● GOAL OF THE EXERCISE: All pictures are to be omitted while the lines starting at the line with "Ultra Soft Area" and ending at the line with "A nagyobbik felépítmény" in the material below are retyped exactly, both ends included.

● RECORD EXCERPTS:
========

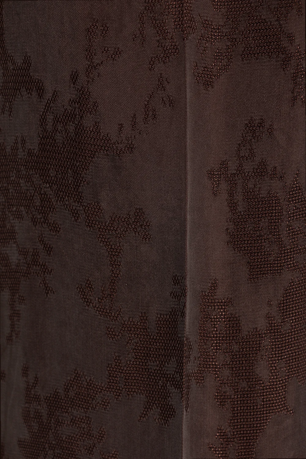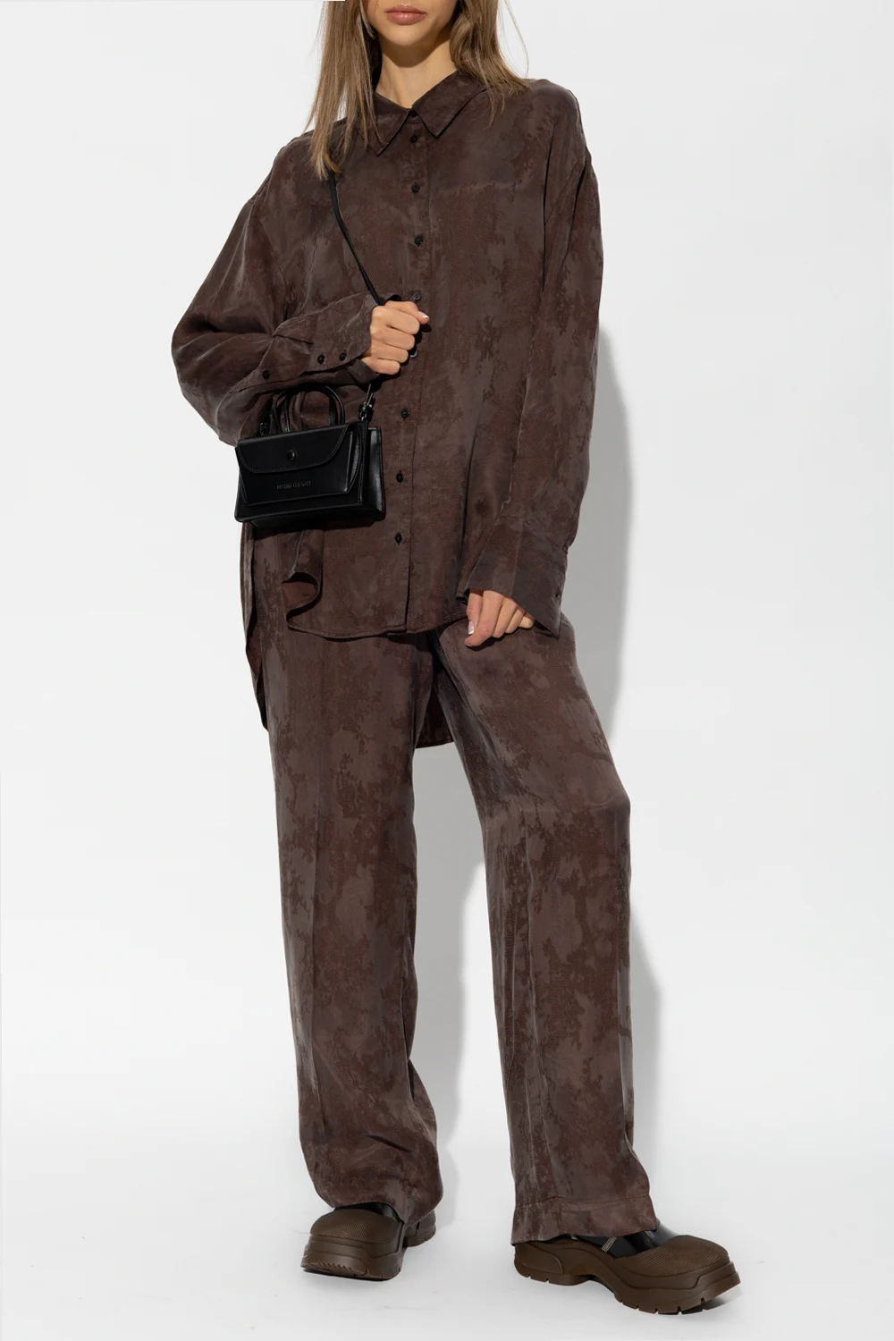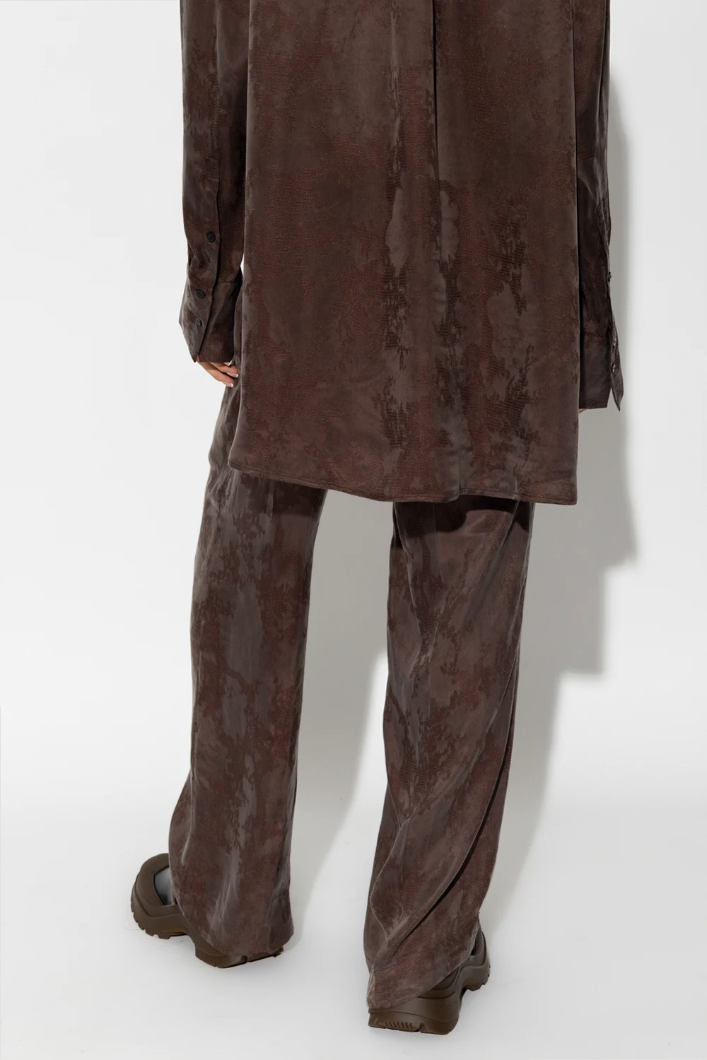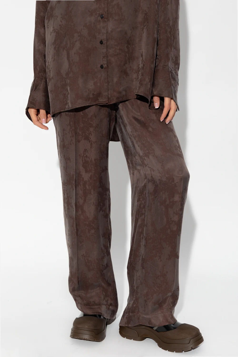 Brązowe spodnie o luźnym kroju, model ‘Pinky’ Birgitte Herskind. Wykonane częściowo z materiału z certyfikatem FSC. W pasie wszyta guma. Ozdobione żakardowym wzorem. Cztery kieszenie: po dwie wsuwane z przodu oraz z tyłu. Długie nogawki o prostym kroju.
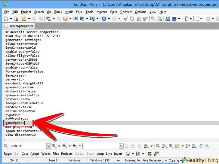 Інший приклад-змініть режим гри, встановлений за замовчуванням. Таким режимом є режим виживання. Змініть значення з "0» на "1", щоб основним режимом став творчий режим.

========

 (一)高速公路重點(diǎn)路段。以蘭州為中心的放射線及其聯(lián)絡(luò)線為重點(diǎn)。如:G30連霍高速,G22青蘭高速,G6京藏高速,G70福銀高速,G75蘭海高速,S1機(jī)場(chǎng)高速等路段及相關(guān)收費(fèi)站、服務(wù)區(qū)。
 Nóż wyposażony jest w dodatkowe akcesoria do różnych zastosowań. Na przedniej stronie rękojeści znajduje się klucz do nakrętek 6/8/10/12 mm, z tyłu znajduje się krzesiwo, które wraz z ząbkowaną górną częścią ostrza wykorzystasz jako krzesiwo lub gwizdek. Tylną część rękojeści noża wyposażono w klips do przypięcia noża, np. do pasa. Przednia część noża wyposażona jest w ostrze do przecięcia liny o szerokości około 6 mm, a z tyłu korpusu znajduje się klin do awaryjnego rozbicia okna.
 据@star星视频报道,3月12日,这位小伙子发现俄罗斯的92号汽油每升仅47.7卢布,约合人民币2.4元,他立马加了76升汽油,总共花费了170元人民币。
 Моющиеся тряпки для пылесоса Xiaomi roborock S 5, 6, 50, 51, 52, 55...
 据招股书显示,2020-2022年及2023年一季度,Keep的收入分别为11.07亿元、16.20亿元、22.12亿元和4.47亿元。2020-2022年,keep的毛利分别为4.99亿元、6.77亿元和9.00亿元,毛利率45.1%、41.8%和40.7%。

========

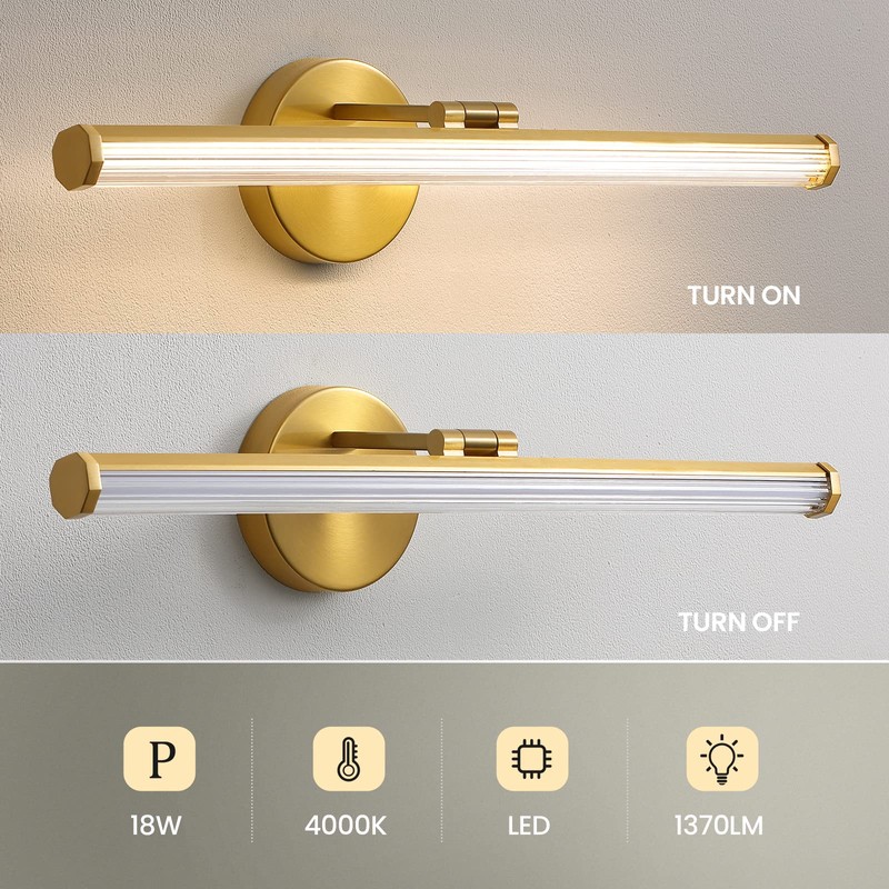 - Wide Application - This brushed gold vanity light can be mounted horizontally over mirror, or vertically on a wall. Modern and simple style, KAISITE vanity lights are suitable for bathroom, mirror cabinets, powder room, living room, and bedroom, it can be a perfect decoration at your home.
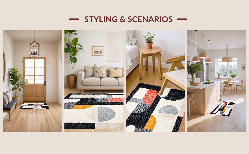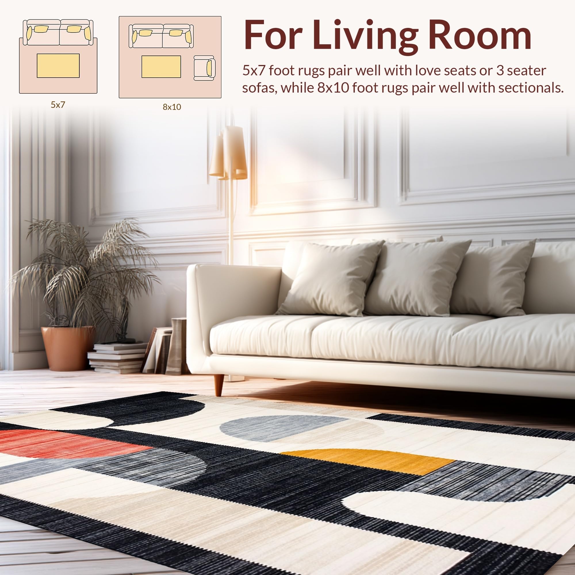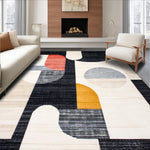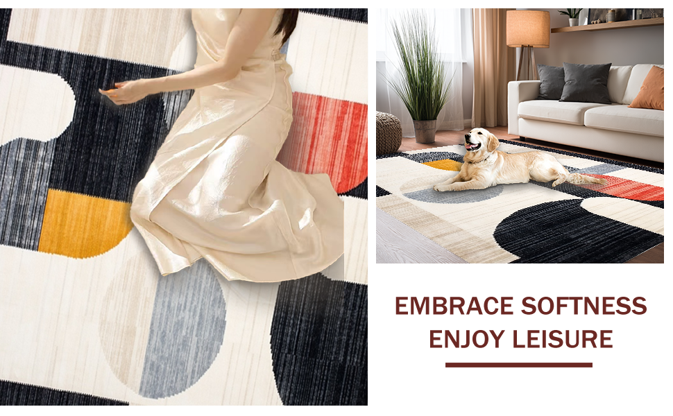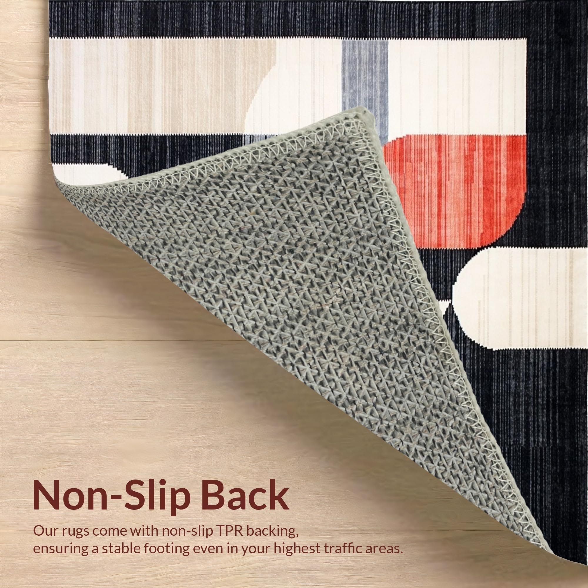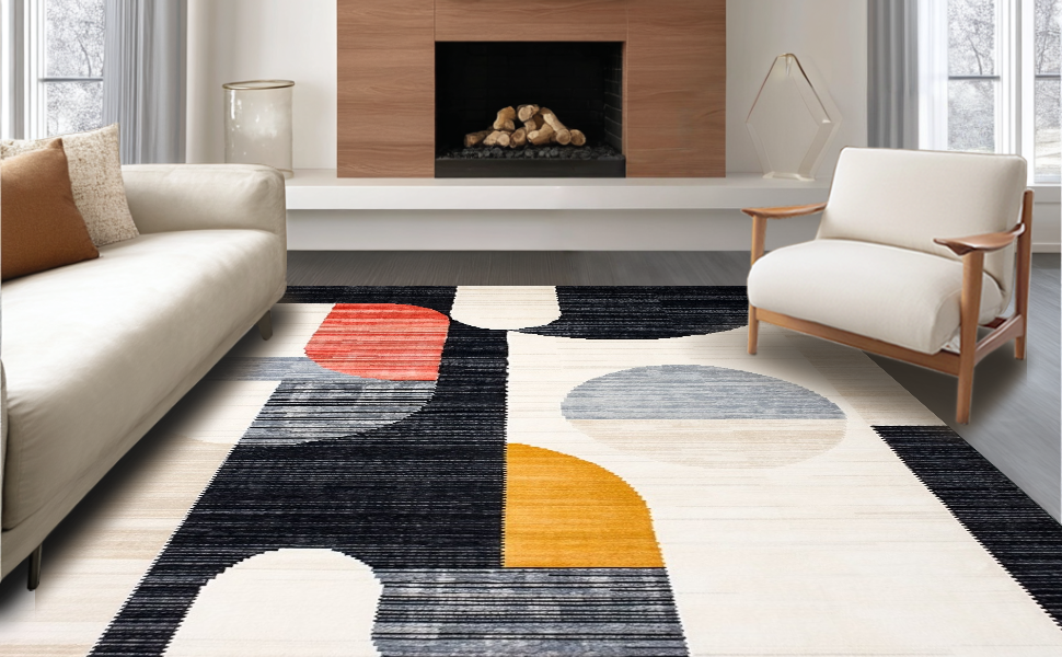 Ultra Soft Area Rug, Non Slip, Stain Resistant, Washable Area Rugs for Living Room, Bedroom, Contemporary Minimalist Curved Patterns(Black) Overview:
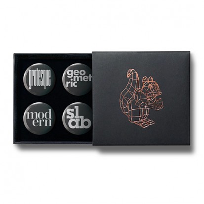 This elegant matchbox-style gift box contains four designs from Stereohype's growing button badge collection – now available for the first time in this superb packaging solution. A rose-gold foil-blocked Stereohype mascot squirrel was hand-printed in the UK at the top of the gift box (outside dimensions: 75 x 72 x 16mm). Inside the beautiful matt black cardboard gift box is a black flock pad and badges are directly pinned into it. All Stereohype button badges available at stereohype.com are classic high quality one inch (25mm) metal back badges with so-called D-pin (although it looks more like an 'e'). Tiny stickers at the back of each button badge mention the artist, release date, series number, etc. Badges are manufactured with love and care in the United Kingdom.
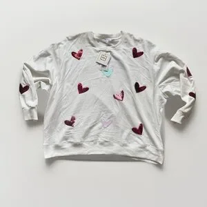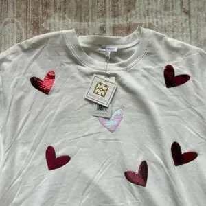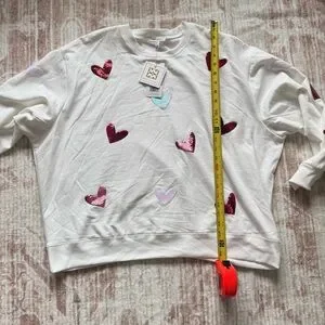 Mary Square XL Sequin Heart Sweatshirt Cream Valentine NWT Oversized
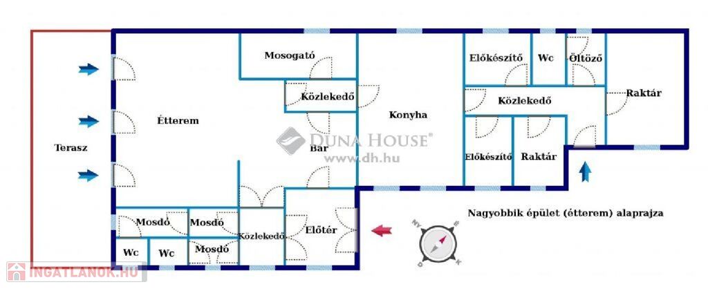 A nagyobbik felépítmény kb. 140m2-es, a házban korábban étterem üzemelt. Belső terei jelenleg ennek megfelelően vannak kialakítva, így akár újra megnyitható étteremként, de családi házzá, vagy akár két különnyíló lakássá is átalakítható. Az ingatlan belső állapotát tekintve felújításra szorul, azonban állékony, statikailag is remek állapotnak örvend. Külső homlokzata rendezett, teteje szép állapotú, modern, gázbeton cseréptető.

========

● COMPLETED TASK:
 Ultra Soft Area Rug, Non Slip, Stain Resistant, Washable Area Rugs for Living Room, Bedroom, Contemporary Minimalist Curved Patterns(Black) Overview:
 This elegant matchbox-style gift box contains four designs from Stereohype's growing button badge collection – now available for the first time in this superb packaging solution. A rose-gold foil-blocked Stereohype mascot squirrel was hand-printed in the UK at the top of the gift box (outside dimensions: 75 x 72 x 16mm). Inside the beautiful matt black cardboard gift box is a black flock pad and badges are directly pinned into it. All Stereohype button badges available at stereohype.com are classic high quality one inch (25mm) metal back badges with so-called D-pin (although it looks more like an 'e'). Tiny stickers at the back of each button badge mention the artist, release date, series number, etc. Badges are manufactured with love and care in the United Kingdom.
 Mary Square XL Sequin Heart Sweatshirt Cream Valentine NWT Oversized
 A nagyobbik felépítmény kb. 140m2-es, a házban korábban étterem üzemelt. Belső terei jelenleg ennek megfelelően vannak kialakítva, így akár újra megnyitható étteremként, de családi házzá, vagy akár két különnyíló lakássá is átalakítható. Az ingatlan belső állapotát tekintve felújításra szorul, azonban állékony, statikailag is remek állapotnak örvend. Külső homlokzata rendezett, teteje szép állapotú, modern, gázbeton cseréptető.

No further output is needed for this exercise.